_THE DATA_:
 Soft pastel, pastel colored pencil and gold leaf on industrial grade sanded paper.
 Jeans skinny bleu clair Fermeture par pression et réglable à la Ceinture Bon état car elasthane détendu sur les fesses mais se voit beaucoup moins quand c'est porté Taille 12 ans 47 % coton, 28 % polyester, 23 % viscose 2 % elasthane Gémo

---

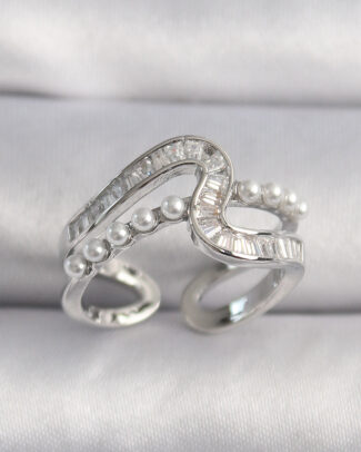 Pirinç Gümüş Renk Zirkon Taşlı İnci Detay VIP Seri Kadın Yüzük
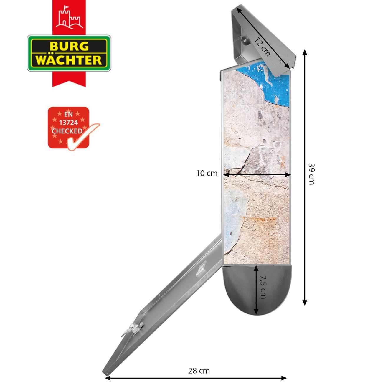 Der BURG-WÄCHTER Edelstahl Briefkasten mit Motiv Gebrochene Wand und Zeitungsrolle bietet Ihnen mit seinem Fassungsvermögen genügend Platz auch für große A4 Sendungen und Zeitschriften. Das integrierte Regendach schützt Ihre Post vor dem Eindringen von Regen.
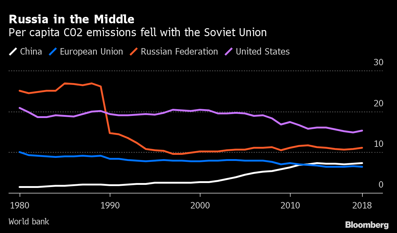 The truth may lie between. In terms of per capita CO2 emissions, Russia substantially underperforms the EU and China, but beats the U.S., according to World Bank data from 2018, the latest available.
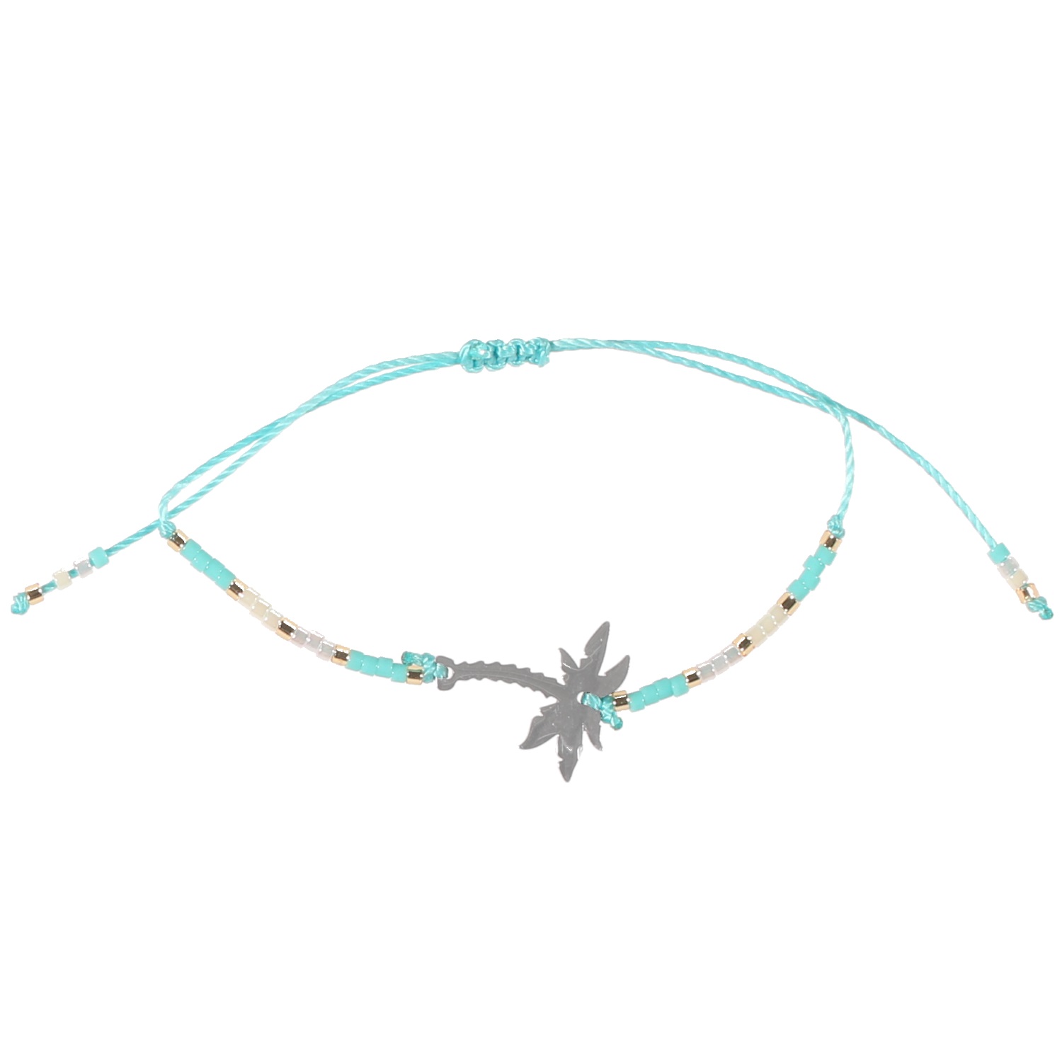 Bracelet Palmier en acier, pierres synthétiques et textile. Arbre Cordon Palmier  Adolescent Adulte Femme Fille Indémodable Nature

_PROBLEM DESCRIPTION_: Above are some records; quote exactly and only the lines that begin at the line containing "Pirinç Gümüş Renk" and stop after the line containing "The truth may", leaving out the pictures.

_ANSWER SECTION_:
 Pirinç Gümüş Renk Zirkon Taşlı İnci Detay VIP Seri Kadın Yüzük
 Der BURG-WÄCHTER Edelstahl Briefkasten mit Motiv Gebrochene Wand und Zeitungsrolle bietet Ihnen mit seinem Fassungsvermögen genügend Platz auch für große A4 Sendungen und Zeitschriften. Das integrierte Regendach schützt Ihre Post vor dem Eindringen von Regen.
 The truth may lie between. In terms of per capita CO2 emissions, Russia substantially underperforms the EU and China, but beats the U.S., according to World Bank data from 2018, the latest available.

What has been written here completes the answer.